**Exercise:**
In the records below, find the line containing "Een zeshoekig stuk" and the line containing "Plot of the". Give again exactly those lines and every line between them, omitting the pictures.

<<<<

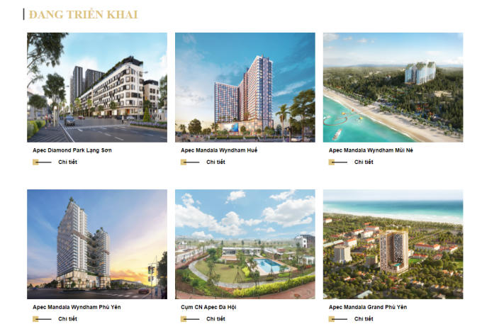 Chỉ trong thời gian ngắn, nhà phát triển địa ốc này đã tung ra bộ sưu tập khủng các dự án nghỉ dưỡng trải dài từ Bắc đến Nam như APEC Mandala Wyndham Mũi Né, APEC Diamond Park Lạng Sơn, APEC Golden Palace Lạng Sơn, APEC Mandala Wyndham Huế, APEC Mandala Wyndham Phú Yên, APEC Mandala Wyndham Hải Dương, APEC Mandala Sky Villas Kim Bôi, APEC Aqua Park Bắc Giang, APEC Golden Valley Mường Lò, APEC Aqua Park Bắc Giang, Điềm Thuỵ Center Point, Cụm công nghiệp APEC Đa Hội, APEC Dubai Ninh Thuận.… với tổng mức đầu tư lên tới hàng nghìn tỷ cho mỗi dự án.
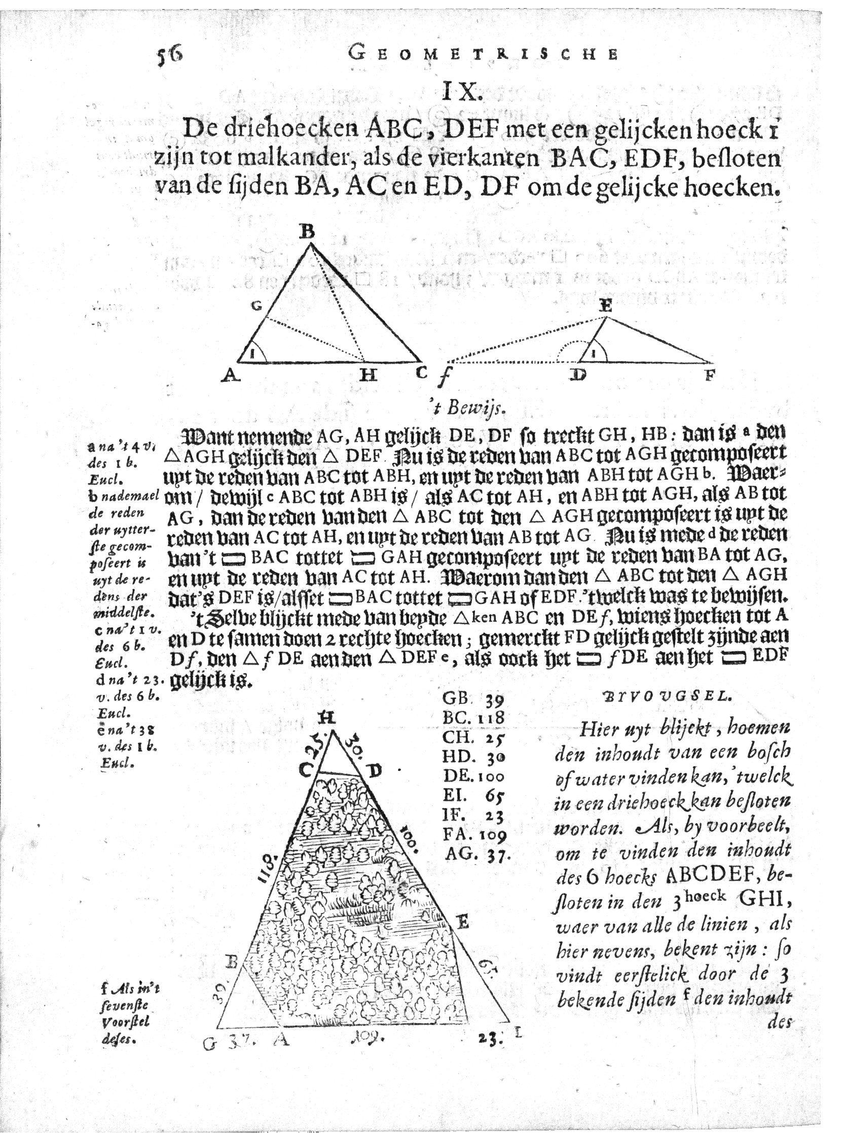 Een zeshoekig stuk land ABCDEF is besloten door een driehoek GHI.
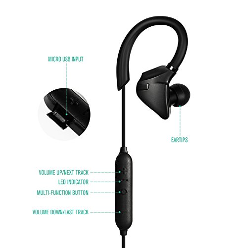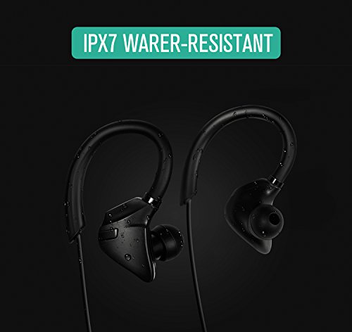 Bluetooth Headphones, Nekteck Bluetooth 4.1 Stereo Wireless IPX7 Earphones Headset Earbuds, Sweat-proof, Water-Proof, Secure Fit for Sport, Gym with Built-in MIC, CVC 6.0 Noise-Cancelling - Black
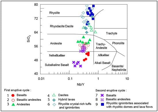 Plot of the studied rocks on the SiO2 vs. Nb/Y diagram [103].
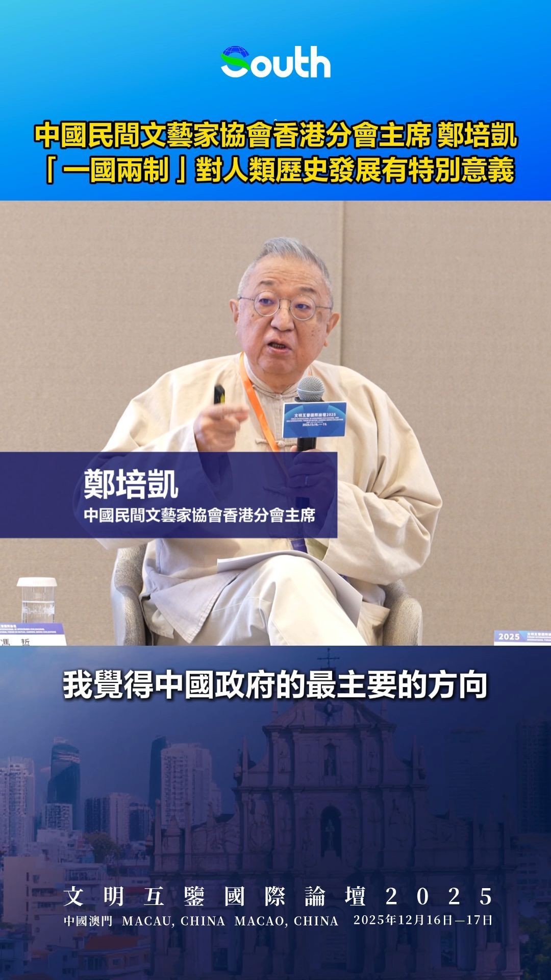 中国民间文艺家协会香港分会主席郑培凯:“一国两制”对人类历史发展有特别意义

>>>>

**Response to the exercise:**
 Een zeshoekig stuk land ABCDEF is besloten door een driehoek GHI.
 Bluetooth Headphones, Nekteck Bluetooth 4.1 Stereo Wireless IPX7 Earphones Headset Earbuds, Sweat-proof, Water-Proof, Secure Fit for Sport, Gym with Built-in MIC, CVC 6.0 Noise-Cancelling - Black
 Plot of the studied rocks on the SiO2 vs. Nb/Y diagram [103].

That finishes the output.